Turns out, K-Means Clustering can't "see" the best clustering for a given value of $K$.

Its only option is to keep track of these clusters for different starting center points.


The way we can measure the success of K-Means Clustering is to use variance to measure the "goodness" of a particular cluster.

Recap: **Variance** is basically a measure of how far each datapoints are from the mean value. A small variance means the datapoints are closer to the mean value, while a large variance means the points are far apart.

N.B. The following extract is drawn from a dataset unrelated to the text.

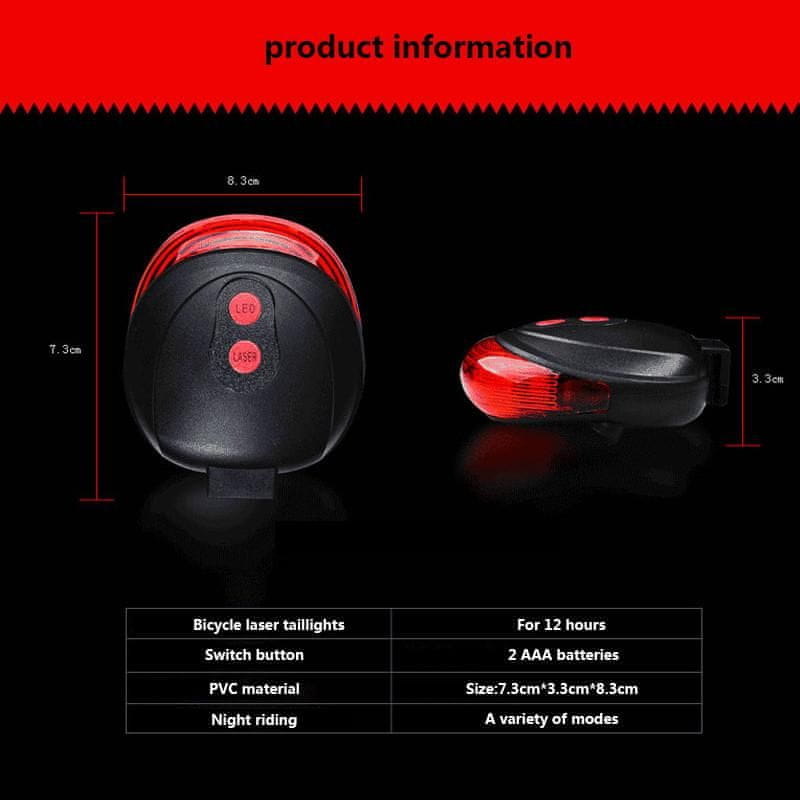 To luč z lahkoto pritrdite na svoje kolo, usmerite jo nazaj proti tlom, da v temi opozori prihajajoče kolesarje ali motoriste. Ima laserske in LED luči z različnimi nastavitvami. Svetilka je vodoodporna, brez težav jo lahko uporabljate v dežju.

$$\text{Variance} = \frac{1}{n} \sum_{i=1}^{n} || a_i - \mu||^2 $$

- $\mu$ = mean value
- n = number of datapoints

We then measure the "score" of a particular clustering by calculating the **Within-Cluster Sum of Squares** (WCSS):

$$
\text{score(Clustering)} = \sum_{\text{clusters}} \text{Variance(cluster)}
$$

We want the WCSS for a particular cluster (or particular value of K) to be small.

In [None]:
function score(data, K)
    result = kmeans(data, K)

    a = assignments(result)
    centers = result.centers;

    var_values = zeros(K);  # this will store our variance values
    for i = 1:K
        temp = data[a .== i]
        var_values[i] = var(temp)
    end

    return sum(var_values)
end

In [None]:
example = [1 2 5 7 8 11 13 14]

@show score(example, 1);  # Note that K=1 is considered the worst case scenario
@show score(example, 2);
@show score(example, 3);
@show score(example, 4);

In [None]:
# Let's do another example dataset

example = [1 2 3 6 7 8 15 16 17]


@show score(example, 1);
@show score(example, 2);
@show score(example, 3);
@show score(example, 4);
@show score(example, 5);

---
# **K-Means Clustering for other cases**

### 2D-Graph

Suppose you have a data that is represented on a 2D graph, or an $xy$-graph.



Just like we did in the straight-line case, we identify $K$, and then randomly select $K$ center points.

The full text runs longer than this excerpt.